Blow cites Valve as one of the best developers at this style of design, although he notes with a sigh that they "haven't designed a game in a long time." But Blow himself doesn't believe in designing this way, because he thinks it can lead to overly conservative, hand-holding gameplay.
"The Witness is the anti-Nintendo," Blow says with a smile. "Nintendo has to have a little fairy follow you around and tell you everything all the time. Those kind of games drive me nuts. This is going the other way. It's more like the original Legend of Zelda, which didn't tell you anything. But at some point — a lot of companies do this, they start making a game, and they put it through focus testing, and any time someone gets stuck you consider it bad and change the game. That leads to extremely conservative, mechanical games."
Blow is certain that players will get stuck in The Witness. He's just not afraid of it; this is why he's designed it as an open-world game.
"If a game's really linear, and you have something really hard in the middle and someone gets stuck, you sort of just screwed them," he says. "And different people get stuck on different things, so it's not like if I'm a good designer I'll design something that no one gets stuck on. If you're going to design something that no one gets stuck on, it has to not really be a puzzle."
Instead, Blow has embraced non-linear design. When a player gets stuck in any particular area, they have the freedom to run to a different area, a different set of puzzles, and try to solve those instead.
"I like open-world games," Blow says. "It's the coolest thing in the world to see something in the game that's really far away and just go there.

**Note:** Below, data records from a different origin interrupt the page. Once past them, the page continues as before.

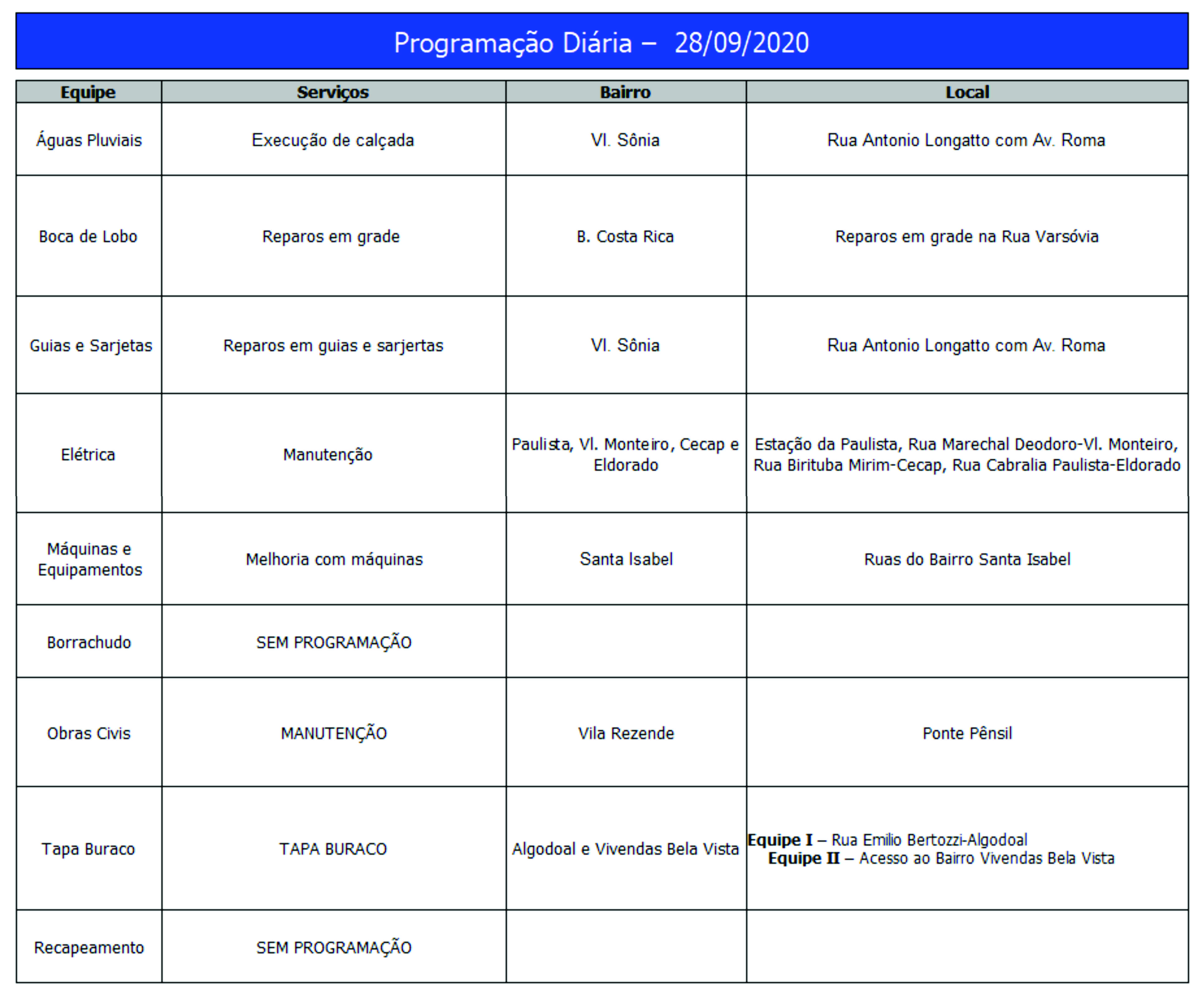 Programação da Secretaria Municipal de Obras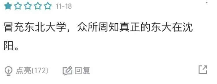 东北大学:差评,众所周知真正的东北大学在沈阳。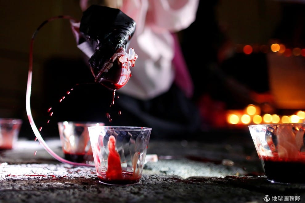 今年 4月21日晚間,墨西哥支持LGBT社群示威團體Chok3聚集到俄國大使館外頭,抗議車臣與俄國其他地方歧視、暴力對待當地同志的情況。他們正在用自己的血液製作抗議布條。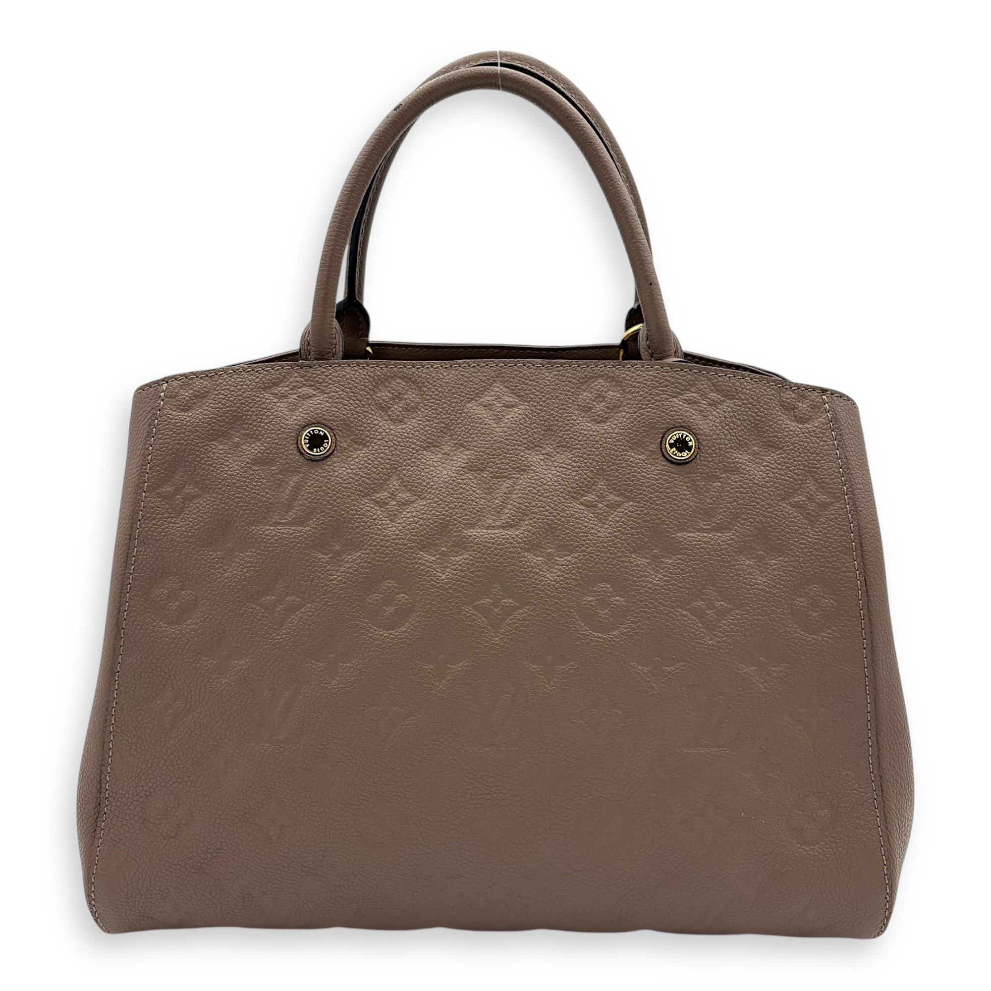 Montaigne Top Handle Bag MM Beige in Empreinte Leather, Gold hardware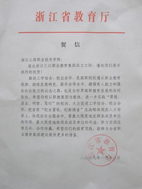 | 1月15日,浙江三江职业教育集团正式在我校成立。从此,一个规范化、集团化、服务型的校企合作平台及与地方经济互动共赢的高职教育服务体系初步建立,将为全省经济社会发展提供重要的智力支持和人才支撑。省委教育工委委员、省教育厅副巡视员夏建勇、宁波市政府副秘书长陆勇、省商业集团有限公司党委副书记陈向明、副总经理蔡玉林、宁波市教育局局长助理胡赤弟等领导出席了大会,三江职业教育集团成员单位代表、兄弟院校代表及我校全体党政领导、教师代表共150多人参加了本次成立大会。浙江省教育厅还专门发来贺信,祝贺浙江三江职业教育集团正式成立。大会由我校蔡泽伟院长主持。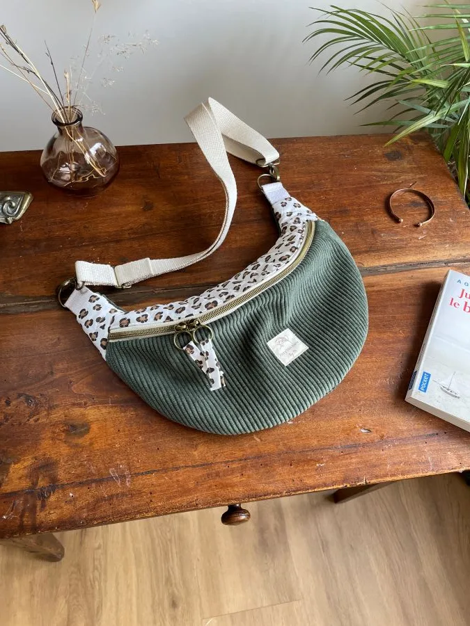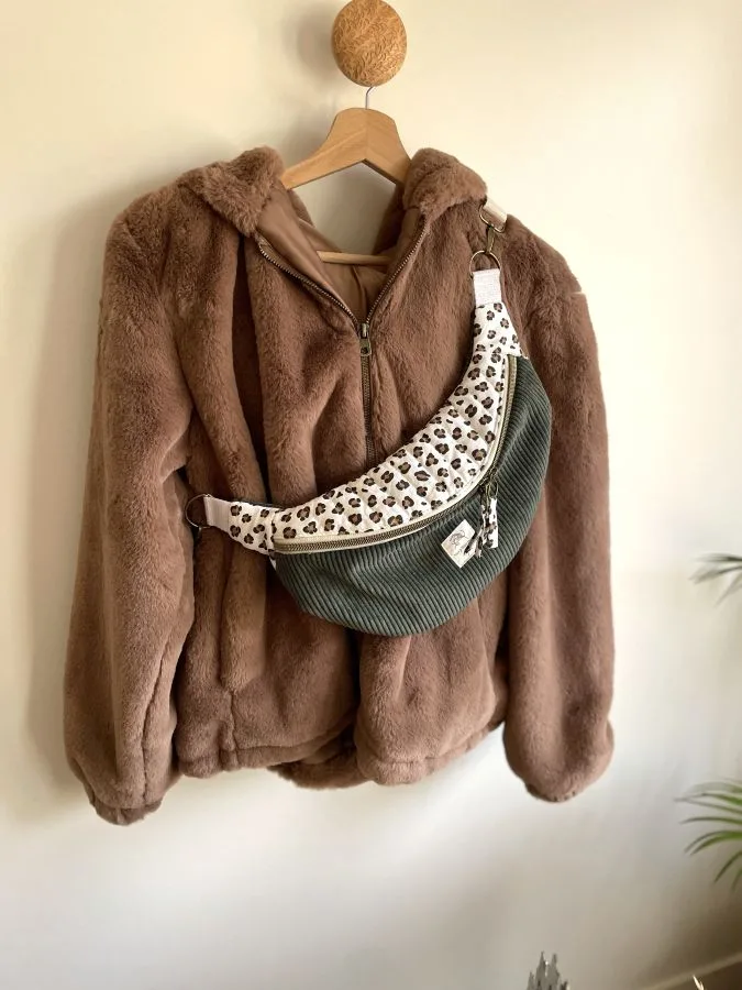 Découvrez ce joli sac banane en velours kaki pour femme dont la partie léopard est matelassée par mes soins à l’atelier.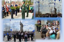 В этой торжественной обстановке, к памятникам были возложены венки и цветы, а в небо полетели символы мира - бумажные голуби! -
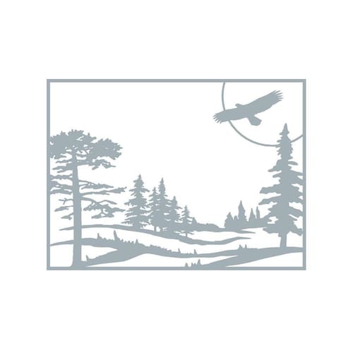 Quadro Cinza Branco Mdf Paisagem Noturna Aguia 40X20Cm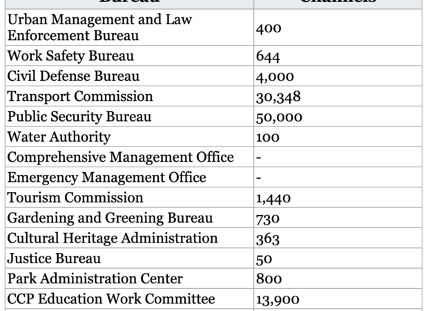 A table from a 2019 procurement notice from Beijing, showing the number of cameras in each bureaucracy that would be linked together after the completion of a government video-sharing platform. Translation by ChinaFile.
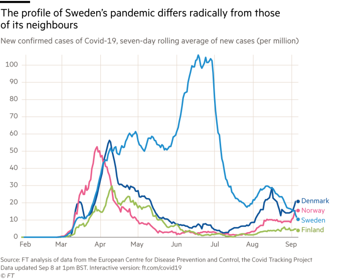 Отличный график, показывающий что в результате отсутствия карантина вторая волна в Швеции вышла на пик в середине июня, впереди Европы всей.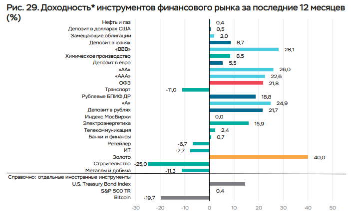 Активами с самой низкой рублевой доходностью в марте 2026 года в России стали:

That used to not be technologically possible except by cheating, but now it's possible."
And sure enough, you can go pretty much anywhere you can see in The Witness from the very start of the game. Want to run off to the windmill near the center of the island? Feel free. See a shipwreck off the coast that you'd like to explore? It's all yours. Blow has built in a generously speedy run button that will allow players to cross from one end of the island to the other in just a few minutes. It's far from the biggest landmass ever seen in an open-world game, but to Blow size isn't the point; density is.

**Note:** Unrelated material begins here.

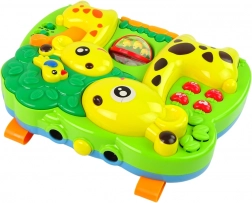 Dimensiunile jucăriei sunt 17,5 cm x 22,5 cm x 6 cm, iar dimensiunile ambalajului sunt 31 cm x 26 cm x 8 cm. Acest produs este destinat copiilor peste 12 luni și necesită patru baterii AA 1,5 V, care nu sunt incluse.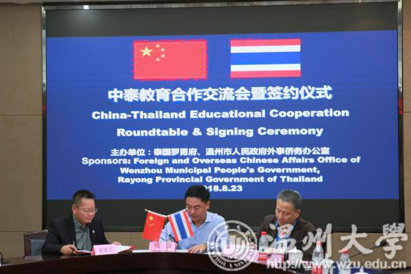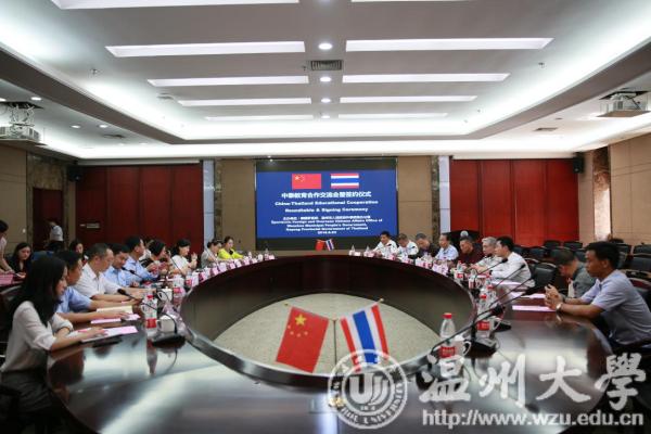 本报讯(记者 程源)近日,由泰国罗勇府及温州市人民政府外事侨务办公室联合主办,开云电子(中国)官方网站_开云电子(中国)官方网站承办的“中泰教育合作交流会暨签约仪式”在在开云电子(中国)官方网站_开云电子(中国)官方网站成功举行。泰国罗勇府行政局副主席基帝·基阿蒙帝先生、泰国工业园区管理局副局长加卡瑞特·莱塔帕先生、泰国罗勇府行政局顾问蒙帝·察纳柴围布纳特先生、泰国罗勇府行政局副局长苏林·桑陀先生、泰国罗勇府行政局语言中心主任苏帕克利·卡驰维驰安库先生、泰国罗勇府行政局主席顾问秘书马宁察·婕拉彭女士、泰国温州商会代表等一行11人和中方代表温州市人民政府外事侨务办公室对外交流处副处长叶瑶女士、开云电子(中国)官方网站_开云电子(中国)官方网站副校长钱强先生、开云电子(中国)官方网站_开云电子(中国)官方网站国际教育学院院长叶苗女士、温州医科大学国际教育学院教学办主任张晴女士、温州商学院副校长陈坤党先生、开云电子(中国)官方网站_开云电子(中国)官方网站国际交流处副处长熊勇先生等8人共同出席了此次会议。会议由开云电子(中国)官方网站_开云电子(中国)官方网站国际交流与合作处副处长熊勇主持。

"I don't like developers competing over how big their world is," he says. "A bigger world leads to a lot of downtime or boring time as a player, because you've got to go somewhere. Or you get something like Skyrim that has fast travel, but then it's not really a world anymore."

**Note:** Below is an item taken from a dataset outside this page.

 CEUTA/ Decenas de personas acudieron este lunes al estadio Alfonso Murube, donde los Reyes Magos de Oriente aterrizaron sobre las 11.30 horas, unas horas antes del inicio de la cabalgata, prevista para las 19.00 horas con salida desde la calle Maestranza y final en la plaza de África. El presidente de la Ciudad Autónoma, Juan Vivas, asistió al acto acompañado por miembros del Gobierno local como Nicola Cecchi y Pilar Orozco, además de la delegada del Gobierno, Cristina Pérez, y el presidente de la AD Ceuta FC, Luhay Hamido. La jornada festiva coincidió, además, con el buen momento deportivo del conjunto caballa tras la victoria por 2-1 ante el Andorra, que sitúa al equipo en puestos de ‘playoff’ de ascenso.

Instead, Blow has built a more reasonably-sized world in The Witness, but one that has puzzles to solve at every turn and many recognizable landmarks, such as a giant castle or a set of desert ruins. Different areas are set apart from each other both by distinct looks and colors — a green swamp, a vibrant red forest, etc. — and by puzzles that follow a certain thread of logic from beginning to end.
For his part, Blow says he designs puzzles to be "first and foremost a representation of an idea, non-verbally." Rather than just being a tricky thing for a player to solve, he wants each puzzle to say something to the player. He does this by actually writing out a sentence for each puzzle.
"When I sit down to start designing a puzzle, the first thing I ask is what the sentence describing it would say," Blow explains. "It might be like ‘OK, you can separate black spots from white spots. And they can be in groups. And it can matter what direction you wind around.' Each of those is a specific statement. Those statements get more subtle and sophisticated as the game goes on, so that by the end, if you were to try to say what you were doing when with one of the more complicated puzzles in the game, it would probably be like two paragraphs long."